Update From the Medical Journals: September 2011


September 28, 2011

By Mary Pickett, M.D.
Harvard Medical School

What's the latest news in the medical journals this month? Find out what your doctor is reading.

Colonoscopy Before Age 50 May Be Best For Men

Colon cancer is the third most common cancer in the United States. It's also the second leading cause of cancer deaths. U.S. doctors say men and women should get tested for colon cancer starting at age 50. (Some experts recommend that African Americans start screening at age 45, because colon cancer is somewhat more common in that group. Screening before 50 is also recommended for people with a family history of colon cancer.) But colon cancer usually appears at a later age for women than for men. So should both sexes start screening at the same age?

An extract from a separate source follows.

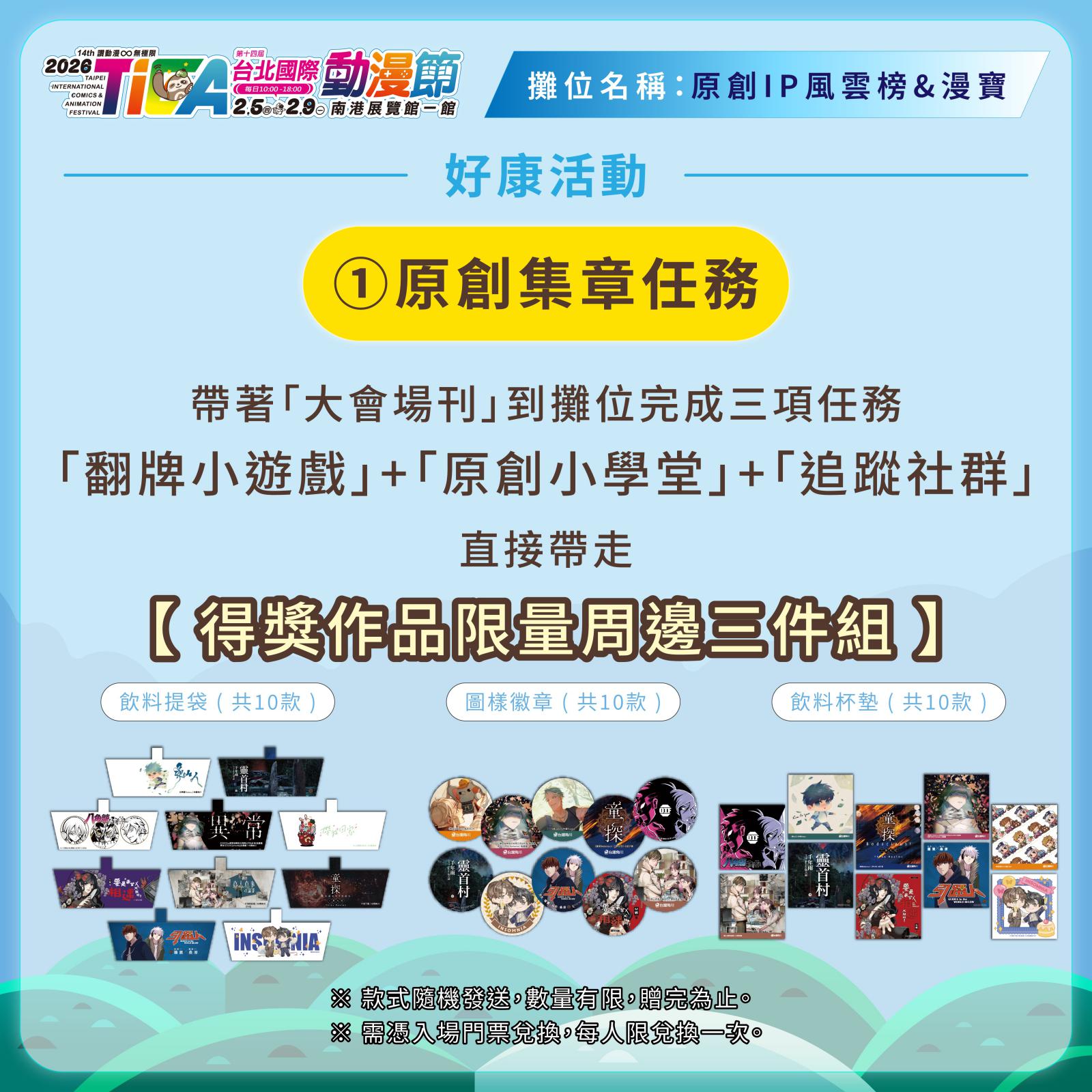 - 新春試手氣:拍照打卡刮好禮!配合農曆年節氣氛,攤位特別舉辦「新春抽好禮」活動。民眾只要拍下攤位上的書籍或遊戲,上傳社群打卡並標註 #原創IP風雲榜,即可獲得刮刮樂乙張。獎項包含限量漫寶周邊及新春紅包袋,張張有獎,歡迎大家來試試手氣。

A group of researchers in Austria tried to answer this question. They checked the colonoscopy examination results of 44,350 patients. One out of five had a polyp that needed removing. One out of every fifteen or sixteen patients had a polyp with "pre-cancer" changes or a cancer itself. But men were more likely to have these findings at younger ages. In fact, men ages 45 to 49 were as likely to have polyps as were women ages 55 to 59. The study was published in the Journal of the American Medical Association on September 28.

The best screening test for colon cancer is a colonoscopy. If cancer is found, early treatment can cure about 9 out of 10 people. Removing polyps also helps to prevent cancer. For now, men and women with an average risk of colon cancer should get their first colonoscopy at age 50. Stay tuned, though. The authors of this study and several other experts think screening should start earlier for men.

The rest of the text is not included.